Keras Chinese document note 16--using pre-trained word vectors

Source: Internet
Author: User
Tags keras
What is a word vector?

"Word vector" (word embedding) is a kind of natural language processing technology that maps the semantics of words into vector space. A word is represented by a specific vector, and the distance between the vectors (for example, the L2 paradigm distance between any two vectors, or the more commonly used cosine distance), partly characterizes the semantic relationship between words. The geometric space formed by these vectors is called an embedded space.

Ideally, in a good embedding space, the "path" vectors from the "kitchen" vector to the "dinner" vector will accurately capture the semantic relationship between the two concepts. In this case, the "path" vector represents "the place of occurrence", so you will expect the "kitchen" vector-the "dinner" vector (the difference between the two word vectors) to capture the semantic relationship of the "place of occurrence". Basically, we should have a vector equation: Dinner + the place of occurrence = kitchen (at least close). If that's the case, then we can use such a relationship vector to answer some questions. For example, to apply this semantics to a new vector, such as "work," we should get a meaningful equation, work + where it happened = office, to answer "where the work happened." ”。

Word vectors characterize the co-occurrence of words in text datasets through dimensionality reduction techniques. Methods include neural networks ("Word2vec" techniques), or matrix decomposition. GloVe Word vector

This article uses the glove word vector. GloVe is the abbreviation for the "Global Vectors for Word representation", a word vector based on co-existing matrix decomposition. The glove vector used in this article was trained on the English Wikipedia in 2014, with 400k of different words, each with a 100-dimensional vector. newsgroup DataSet

The data set used in this article is the famous "newsgroup DataSet". There are 20 types of news text data in this dataset, and we will implement the text categorization task for that dataset. Experimental Methods

Here are the steps we can take to solve the classification problem: converting all the news samples into a word index sequence. The so-called Word index is to assign an integer ID to each word in turn. Traversing all the news texts, we keep only the 20,000 words we see most, and each news text retains a maximum of 1000 words. Generates a word vector matrix. Column I is a word vector that represents the word index for I. Load the word vector matrix into the Keras embedding layer, set the weight of the layer can not be trained (that is, in the course of network training, the word vector will no longer change). The Keras embedding layer is then connected to a 1D convolution layer and outputs a news category with a Softmax full connection.

using pre-trained word vectors as a feature is very effective. in general, in natural language processing tasks, when the number of samples is very young, the use of pre-trained word vectors is feasible (in fact, the pre-trained word vectors introduce external semantic information, often useful for the model). Word2vec and Glove

Domestic Rachel-zhang used Sklearn to do experiments on the same data set based on traditional machine learning algorithms. At the same time, Richard Socher in the paper that put forward the glove word vector, the glove word vector is better than the Word2vec performance. After the study shows that Word2vec and glove in fact, for example, Schnabel, such as the evaluation of the word vector indicators, assessment shows that most of the evaluation indicators Word2vec in glove and c&w word vectors. This article can actually use the Word2vec word vector of Google News to do a set of test experiment.

Contact Us

The content source of this page is from Internet, which doesn't represent Alibaba Cloud's opinion; products and services mentioned on that page don't have any relationship with Alibaba Cloud. If the content of the page makes you feel confusing, please write us an email, we will handle the problem within 5 days after receiving your email.

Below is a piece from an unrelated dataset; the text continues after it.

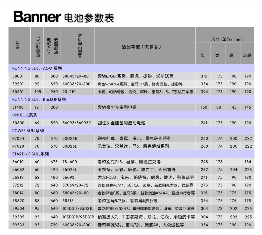 启动电池-56062 型号:56062 20小时容量:60A 低温起动电流:420A(EN) 对应国内型号:55D23L 参考适配车型:卡罗拉、天籁、威驰、雅力士、斯巴鲁等 尺寸:长232mm*宽175mm*高204mm(总高225mm) 产品介绍

If you find any instances of plagiarism from the community, please send an email to: info-contact@alibabacloud.com and provide relevant evidence. A staff member will contact you within 5 working days.

A Free Trial That Lets You Build Big!

Start building with 50+ products and up to 12 months usage for Elastic Compute Service

  • Sales Support

    1 on 1 presale consultation

  • After-Sales Support

    24/7 Technical Support 6 Free Tickets per Quarter Faster Response

  • Alibaba Cloud offers highly flexible support services tailored to meet your exact needs.